Content Enrichment Industry Insights
Number 1 (2016)
Welcome to this first issue of Content Enrichment Industry Insights. Short but informative, our insights delve into how content enrichment is playing a major part in publishers' workflows and what publishing organisations, vendors and suppliers are doing in this space. We also share our expertise and experience on the technology and software and how these can help meet the evolving needs of modern publishers.
Content enrichment is the application of modern content processing techniques like machine learning, AI and natural language processing to add structure, context and metadata to content to make it more useful to humans and computers.
Content enrichment utilises capabilities like entity identification, content classification against a taxonomy and creation of a content item semantic fingerprint. These capabilities can each drive multiple product features like the display of related content items, improved content notifications, taxonomic browse, faceted search, content collections and semantic search. Learn more about content enrichment here.
Making research more discoverable
Content is at the centre of everything a publisher does. Enriching that content delivers significant value across the whole content life cycle. One particular area where the need for content enrichment can add significant value is in enabling the researcher to find and discover the most relevant content to assist in the researcher's workflow. Features that can be enhanced using enrichment techniques are relating articles, subject and context navigation, categorisation of content and identification of entities to provide linking to other relevant content.
Improving discovery through relatedness
Publishers are trying to increase the usage of their content but at the same time ensure that they are providing researchers with the most relevant content when they search. One area where content enrichment can assist is in the area of relatedness. Here rather than use just the words in the documents to find other related content you can use techniques to give more meaning and context to the articles and the relationship they have with other articles. One approach uses software tools to extract the meaning from content to create a content fingerprint and then uses this fingerprint to find related pieces of content.
Creating content collections
Using machine learning techniques publishers can start to create collection micro sites that can be used to promote specific subject areas or to collect all content together related to a specific theme (e.g. Zika). An example of the type of collections that can be built is http://www.thelancet.com/campaigns/zika.

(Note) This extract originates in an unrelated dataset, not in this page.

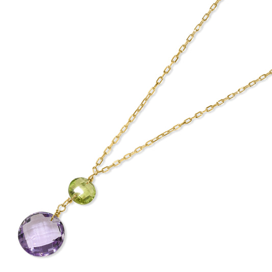 14k Peridot Amethyst Coin Pendant Necklace

In most cases collections are manually selected by carrying out searches and then selecting appropriate content to include. Adding machine learning techniques allows the automated efficient creation of many content collections without human input.
Serendipity discovery in academic research
SAGE Publishing have published a paper on the importance serendipity plays in the scholarly discovery process. The research included a global survey with students and faculty combined with user experience research and interviews with publishing experts and technology suppliers. The conclusion was that there is room for this type of discovery and it is often overlooked. Looking back in history there are a number of stories of scientific discovery with lucky coincidences, good fortune is often cited as a key factor. It was found that researchers prefer stumbling on interesting, relevant content in the course of their research as opposed to having materials recommended to them by peers or based on popularity.
The paper is available at https://us.sagepub.com/sites/default/files/serrdiscovery.pdf.
Semantic Scholar: improving discovery using artificial intelligence and semantic enrichment
There are a number of examples of the use of artificial intelligence and semantic enrichment to deliver improved discoverability of scholarly content. One example of this is Semantic Scholar. This is a new discovery platform currently in beta https://www.semanticscholar.org/.
The European Molecular Biology Organization (EMBO) and Wiley have launched the SmartFigures Lab, developed in partnership with 67 Bricks.
SmartFigures are interactive figures that display data in the context of related results published in other papers and link figures to major biological databases. They enable users to intuitively navigate across papers through interconnected figures, facilitating literature browsing and accelerating data discovery.